Stored data
>>>>

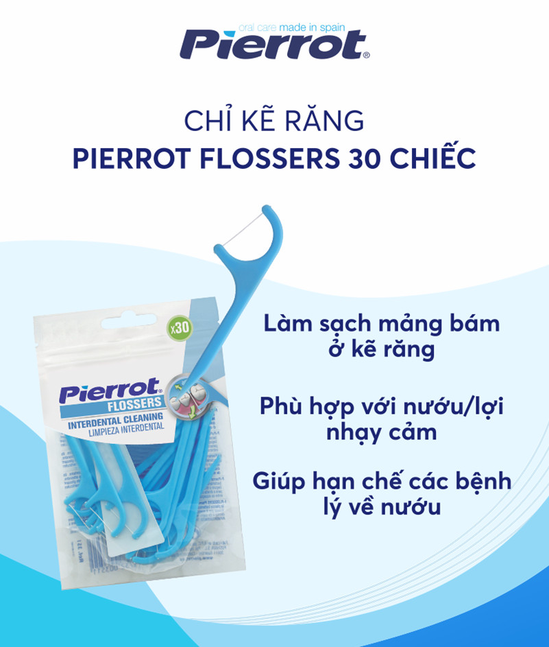 Chỉ kẽ răng PIERROT FLOSSERS với sợi chỉ chuyên biệt, tiệt trùng, giúp bạn loại bỏ dễ dàng các thức ăn thừa ở các kẽ răng, phòng ngừa bệnh nha chu, hôi miệng. Sản phẩm
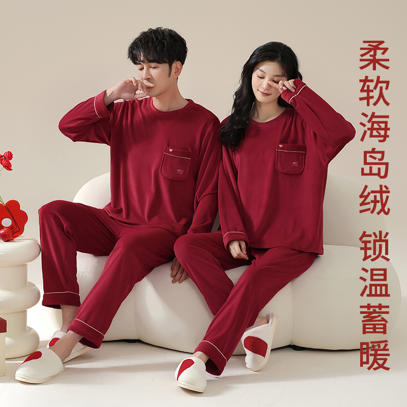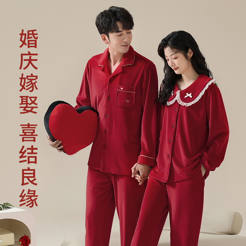 男红色本命年家居服 冰丝长袖 乐姿梦睡衣结婚新婚情侣套装 女春秋季
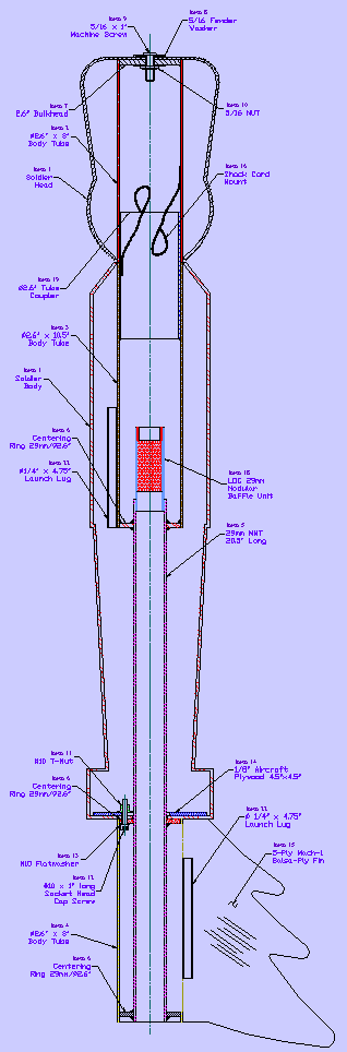 Although the FAO Schwartzkopf is very non-traditional on the outside, inside it is mostly your basic LMR to light HPR construction. The only difference is in the final assembly where the rocketry components are attached to the plastic body of the toy soldier.
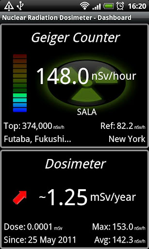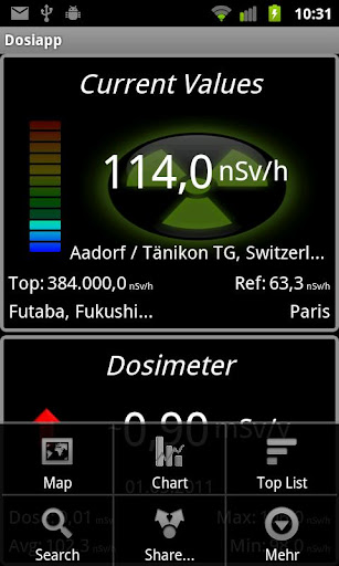 NUCLEAR RADIATION DOSIMETER lässt Sie direkt auf über 5‘000 Messstellen weltweit zugreifen, zeigt die Top 25 Strahlenquellen und die radioaktive Strahlung eines von Ihnen bestimmten Referenzortes an. Sie bestimmen Ihre maximale radioaktive Jahresbelastung und NUCLEAR RADIATION DOSIMETER schlägt bereits jetzt Alarm, wenn sie diese in den kommenden 12 Monaten überschreiten sollten.
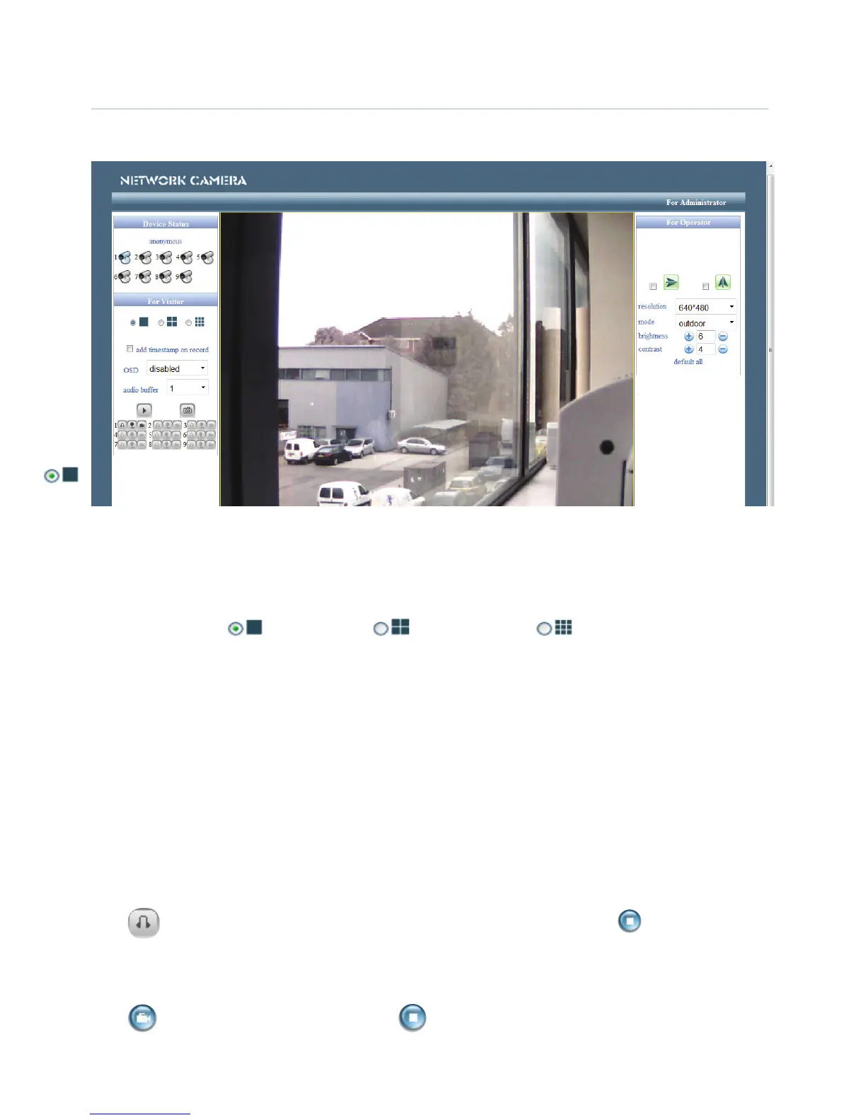 Click to enable the audio stream for the camera. The icon will change to . Click this to stop
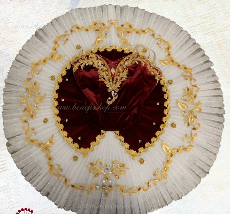 Costum de scena profesionist. Este confectionat in baza fustei de balet profesioniste #T0001B (vezi compartimentul „Fuste de balet de baza”).
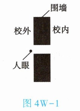 1. ($★★$)在图 4W - 1 中画出小明同学在校外通过学校围墙的小洞观看到校内的范围(围墙及小洞如图所示)
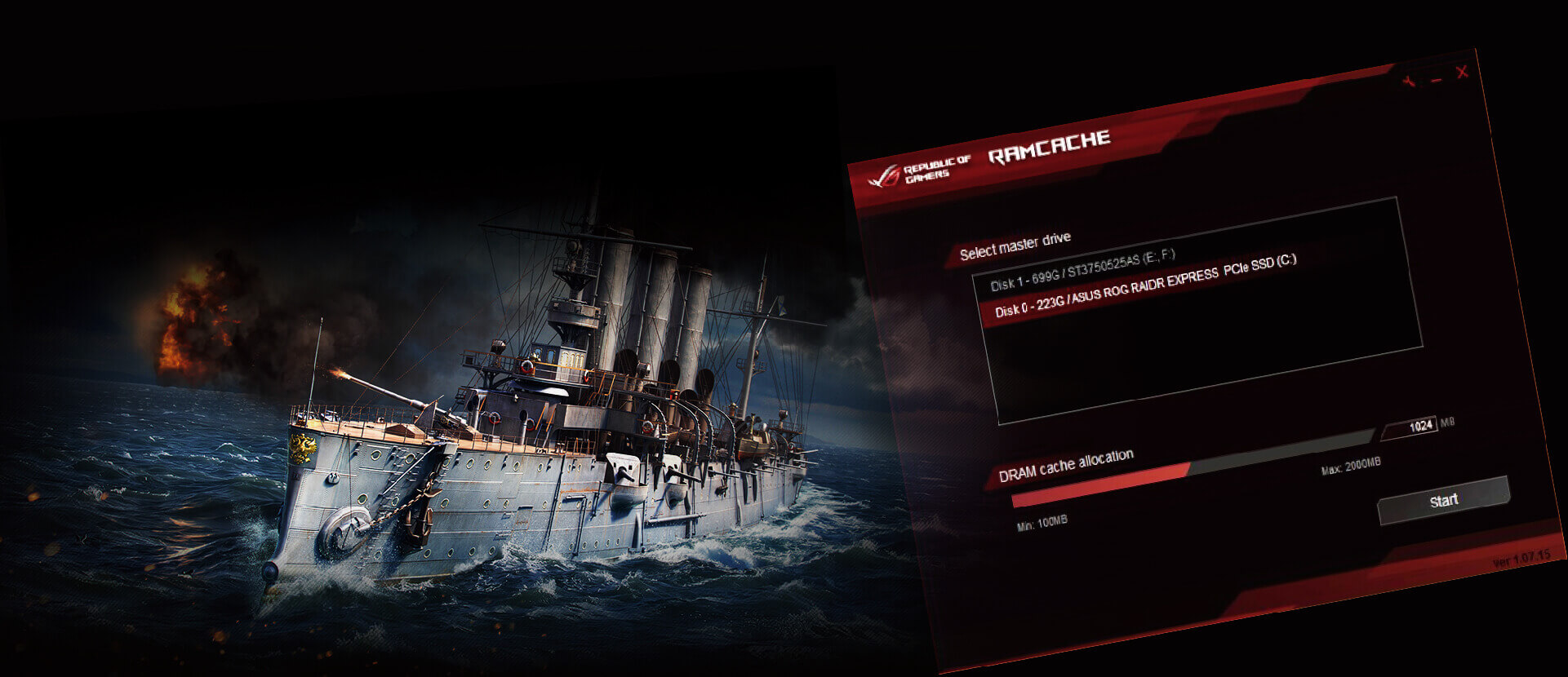 ROG 獨特的智慧技術能有效快取整個儲存裝置,使您最喜愛的遊戲及應用程式能以超快速度啟動。 RAMCache 把毫秒變成微秒,將遊戲載入時間推向最高境界,並降低資料遺失的風險!

<<<<

> [WORK TASK] Retype the records above exactly, and keep any picture out of what you write.

> [OUTPUT OF THE EXERCISE]
 Chỉ kẽ răng PIERROT FLOSSERS với sợi chỉ chuyên biệt, tiệt trùng, giúp bạn loại bỏ dễ dàng các thức ăn thừa ở các kẽ răng, phòng ngừa bệnh nha chu, hôi miệng. Sản phẩm
 男红色本命年家居服 冰丝长袖 乐姿梦睡衣结婚新婚情侣套装 女春秋季
 Although the FAO Schwartzkopf is very non-traditional on the outside, inside it is mostly your basic LMR to light HPR construction. The only difference is in the final assembly where the rocketry components are attached to the plastic body of the toy soldier.
 NUCLEAR RADIATION DOSIMETER lässt Sie direkt auf über 5‘000 Messstellen weltweit zugreifen, zeigt die Top 25 Strahlenquellen und die radioaktive Strahlung eines von Ihnen bestimmten Referenzortes an. Sie bestimmen Ihre maximale radioaktive Jahresbelastung und NUCLEAR RADIATION DOSIMETER schlägt bereits jetzt Alarm, wenn sie diese in den kommenden 12 Monaten überschreiten sollten.
 Click to enable the audio stream for the camera. The icon will change to . Click this to stop
 Costum de scena profesionist. Este confectionat in baza fustei de balet profesioniste #T0001B (vezi compartimentul „Fuste de balet de baza”).
 1. ($★★$)在图 4W - 1 中画出小明同学在校外通过学校围墙的小洞观看到校内的范围(围墙及小洞如图所示)
 ROG 獨特的智慧技術能有效快取整個儲存裝置,使您最喜愛的遊戲及應用程式能以超快速度啟動。 RAMCache 把毫秒變成微秒,將遊戲載入時間推向最高境界,並降低資料遺失的風險!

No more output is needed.